» **Directions for this task**:
Reproduce the material below line by line, beginning with its first line and ending with the line that contains "相映成趣游人如織金秋時(sh"; leave out pictures.

» **Data**:
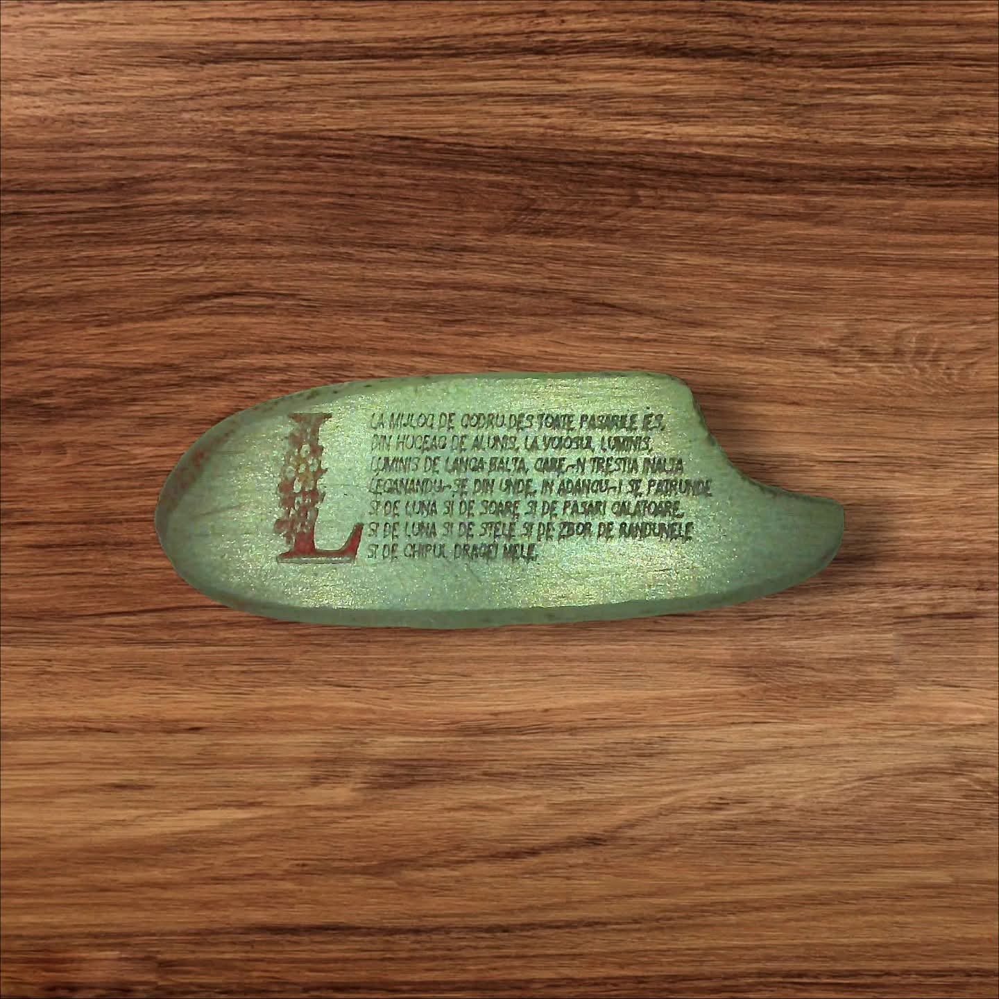 Cu o precizie aproape robotică, întreaga poezie „La mijloc de codru...” a fost gravată, pe șapte rânduri, pe doar 4 mm (4mm X 1,5mm), fiecare literă având aproximativ 150 de microni și grosimea unui fir de păr.
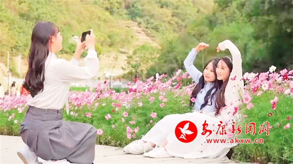 相映成趣游人如織金秋時(shí)節(jié),在白河縣構(gòu)朳鎮(zhèn)廟山寨花海產(chǎn)業(yè)園,盛開的格桑花在風(fēng)中搖曳。游客漫步在路上,心緒隨著搖曳的格桑花一同起伏,沉浸在秋日的寧靜與美好……
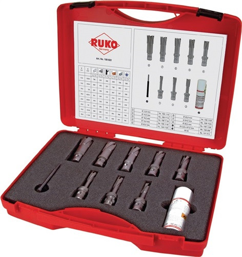 mit Hartmetallschneiden und Quick IN-Schaft · CBN-geschliffen Inhalt: 8 Stck. Kernbohrer mit HM-Schneiden Ø 12, 14, 16, 18, 20, 22, 24, 26 mm 1 Schneidspray 50 ml 1 Führungsstift Ø 6,35 x 87 mm für Schnitttiefe 50 mm im Kunststoffkoffer · Weitere technische Eigenschaften Inhalt: 10 teilig • Schaftausführung: Quick IN • Schnitttiefe: 50mm
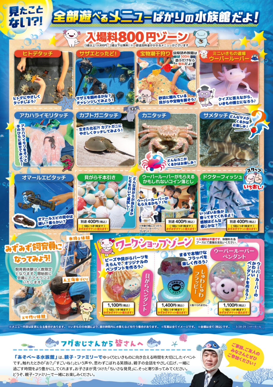 ニットーモールで「あそべ~る水族館」が開催されます。2026年3月28日~29日

» **Response to the exercise**:
 Cu o precizie aproape robotică, întreaga poezie „La mijloc de codru...” a fost gravată, pe șapte rânduri, pe doar 4 mm (4mm X 1,5mm), fiecare literă având aproximativ 150 de microni și grosimea unui fir de păr.
 相映成趣游人如織金秋時(shí)節(jié),在白河縣構(gòu)朳鎮(zhèn)廟山寨花海產(chǎn)業(yè)園,盛開的格桑花在風(fēng)中搖曳。游客漫步在路上,心緒隨著搖曳的格桑花一同起伏,沉浸在秋日的寧靜與美好……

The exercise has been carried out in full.